I've edited/clarified the claim above. Parent did say "without you having a bug" and entering an UNPREDICTABLE state would be buggy code. Also, "maybe puts garbage data in a register" is not UB, it's a much more reasonable thing in UB (the definition of UNPREDICTABLE prior to ARMv8 does seem to allow for UB, however). I don't believe that such an UNPREDICTABLE state is reachable from user-space/unprivileged code (or else it would violate the chip's security properties) -- but if I'm wrong on that I'd be interested in an example.
I do not find it so easy to accidentally run into UB in C if you follow some basic rules. The exceptions are null pointer dereferences, out-of-bounds accesses for arrays, and signed overflow, all those can be turned into run-time traps. The rules include no pointer arithmetic, no type casts, and having some ownership strategy. None of those is difficult to implement and where exceptions are made, one should treat it carefully similar to using "unsafe" in Rust.
Nah it makes some sense for portability between architectures. Or at least it did back when C was invented and there were some wild architectures out there.
And it definitely does allow some optimisation. But probably nothing significant on modern out-of-order machines.
> probably nothing significant on modern out-of-order machines.
having no UB at all will kill a lot of optimizations still relevant today (and won't match anymore to hardware as some UB is on hardware level)
out of order machines aren't magically fixing that, just makes some less optimized code work better, but not all
and a lot of low energy/cheap hardware does have no or very very limited out of order capabilities so it's still very relevant and likely will stay very relevant for a very long time
Plenty of things! The resulting pointer may not be pointing to an object that is currently live, for example. It may not even be pointing to an object that makes any sense in the language's object model. It might be pointing to a return address on the stack, for example. Or a constant in the constant pool. Or a saved register in the middle of a computation that corresponds to no variables in the original program.
In short, the moment you enable integer-to-pointer conversions (assuming your target has a flat address space), you create pointer provenance problems whose only resolution is that some things have to be UB.
I don't think any of those are undefined behavior in the strict sense in which the term is defined in the C/C++ standards. Pointer casts are defined behavior. I believe the things you point to are either implementation-defined or unspecified, which is different from UB.
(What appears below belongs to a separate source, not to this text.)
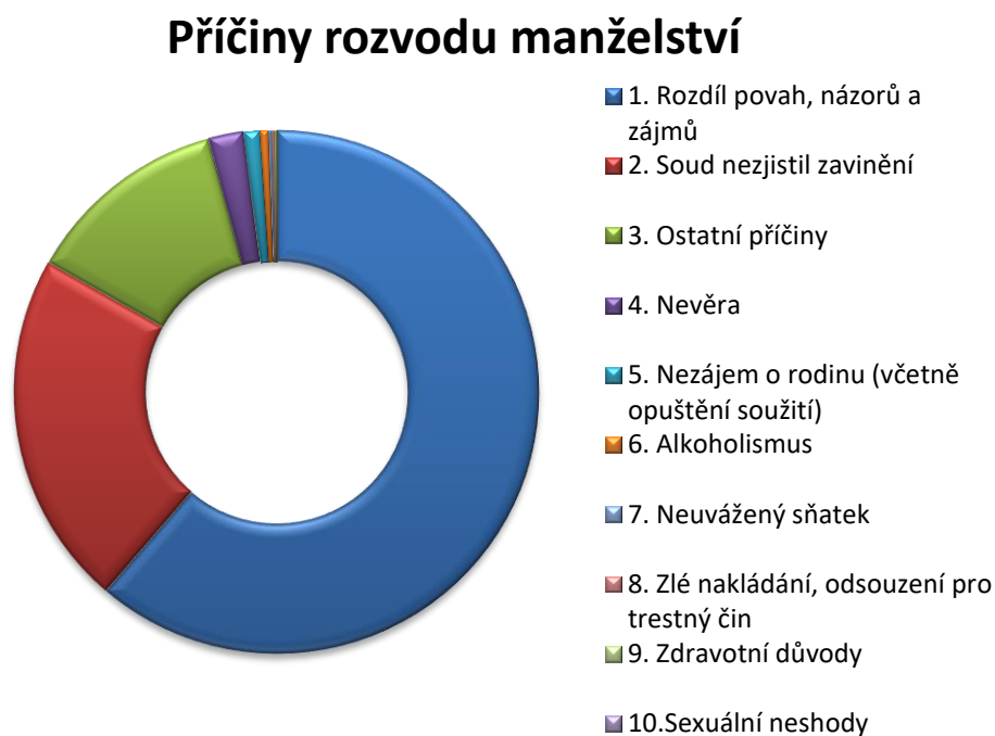
Graf č. 1

V následujícím grafu jsou zobrazeny příčiny rozvodu manželství v roce 2017 v České republice, které byly uváděny v návrzích na rozvod manželství.

It may seem nitpicky, but the downside of relying on implementation defined or unspecified behavior is largely boxed and contained. E.g you might get a memory access error. UB is, in principle, completely unlimited in downside. And because of that, it often interacts badly with optimization passes, resulting in very strange bugs.
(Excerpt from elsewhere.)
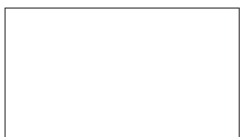
140 x 190 cm
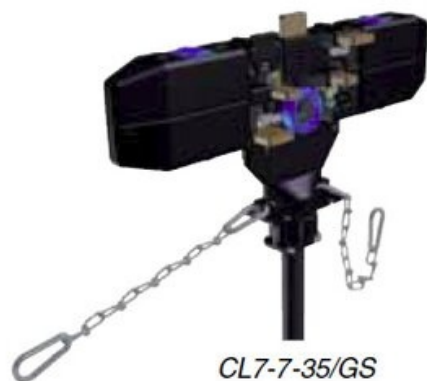
Gliding shoe with wheel set for type 'GS'-collector trolleys

Pointer provenance is UB in the C/C++ sense, although it's one that largely lurks in the implementation-defined behavior of "integer/pointer casts are implementation-defined." The closest you're going to find to a full specification of pointer provenance is TS 6010 (https://www.open-std.org/jtc1/sc22/WG14/www/docs/n3226.pdf), but it should be noted that no compilers actually implement provenance strictly along the lines of TS 6010. Instead, they implement a poorly-documented, buggy, internally incoherent definition of provenance...
> It may seem nitpicky, but the downside of relying on implementation defined or unspecified behavior is largely boxed and contained.
... that is incoherent precisely because the interactions of provenance with optimizations isn't boxed and contained.
It's really not until people started putting the model into formal semantics that they realized "hey, wait a second, this means either most of our optimizations are wrong or our semantics are wrong" and the consensus is that it was the semantics that were broken.